When students returned to campus to begin the spring semester last January, an earthquake had just ravaged Haiti. While relief efforts in Haiti are far from complete, we now again find ourselves back at school with another major humanitarian crisis unfolding abroad. Pakistan's prime minister said that flooding in the country had affected 20 million people as of mid-August, and U.N. Secretary General Ban Ki-Moon said the destruction in Pakistan is unlike anything he had ever witnessed.

The University's response to the crisis in Haiti has been strong, and we hope that a similar outpouring of campus support for the people of Pakistan is forthcoming. Farrukh Malik '11, president of the Pakistani Students Association, told the editorial page board that there will be benefit concerts coordinated with other student cultural and performance groups, craft sales and a lecture series about the social and political factors surrounding the disaster in Pakistan.  

He also noted that there will be differences in how campus response efforts approach the two crises in Haiti and Pakistan. Because the two disasters received disparate levels of domestic media coverage, public awareness of the situation in Pakistan must be improved, and fundraising events for Pakistan will be coupled with educational outreach. We applaud these efforts and encourage students to get involved.  

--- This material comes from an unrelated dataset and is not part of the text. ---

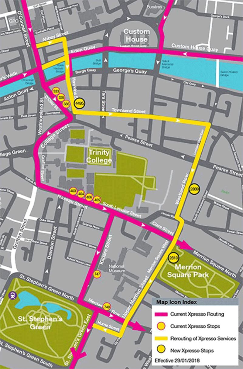 However, Xpresso routes 25x, 27x, 32x, 33x, 39x, 41x, 51x, 66x and 67x, which only operate at rush hour, will no longer serve stops on D’Olier Street, Nassau Street, Kildare Street and Merrion Row.

One of Brown's greatest strengths is the initiative we take as an institution in addressing the needs of communities affected by calamitous events, whether natural or man-made, domestic or international. Though we are glad to see the steady repetition of ad hoc responses to crises, we believe that Brown must make a permanent commitment to disaster relief and humanitarian aid.  

Following the earthquake in Haiti, we called for the creation of a center at Brown devoted to humanitarian crises. The proposed center would serve two related purposes. First, it would coordinate campus efforts to respond to disasters in other parts of the world. And second, it would facilitate academic study and field research on crisis response and relief. As we noted in January, Harvard and Johns Hopkins universities both already have centers with this sort of mission.  

Catastrophic events can strike in varying ways and require different responses, so we think a campus center for disaster relief is crucial. Such a center could provide resources to students organizing benefit events and facilitate cooperation between students, the administration and academic departments.

In addition, a center at Brown could take responsibility for tracking the progress of relief efforts in affected regions, ensuring the University's involvement will go beyond an initial emotional reaction. Relief work on campus could thus continue across years even after some student leaders have graduated, providing sustained support.

By also emphasizing academic research and first-hand experience, this new center could also play a role in training the next generation of leaders who will manage crisis-response efforts on the ground in affected countries.

We are all at risk of getting "disastered-out" and finding our desire to help spread too thin among places in need. It is our hope, however, that a new center can lead a committed, multifaceted approach to humanitarian aid and allow Brown to maximize its efficacy in aiding people around the world.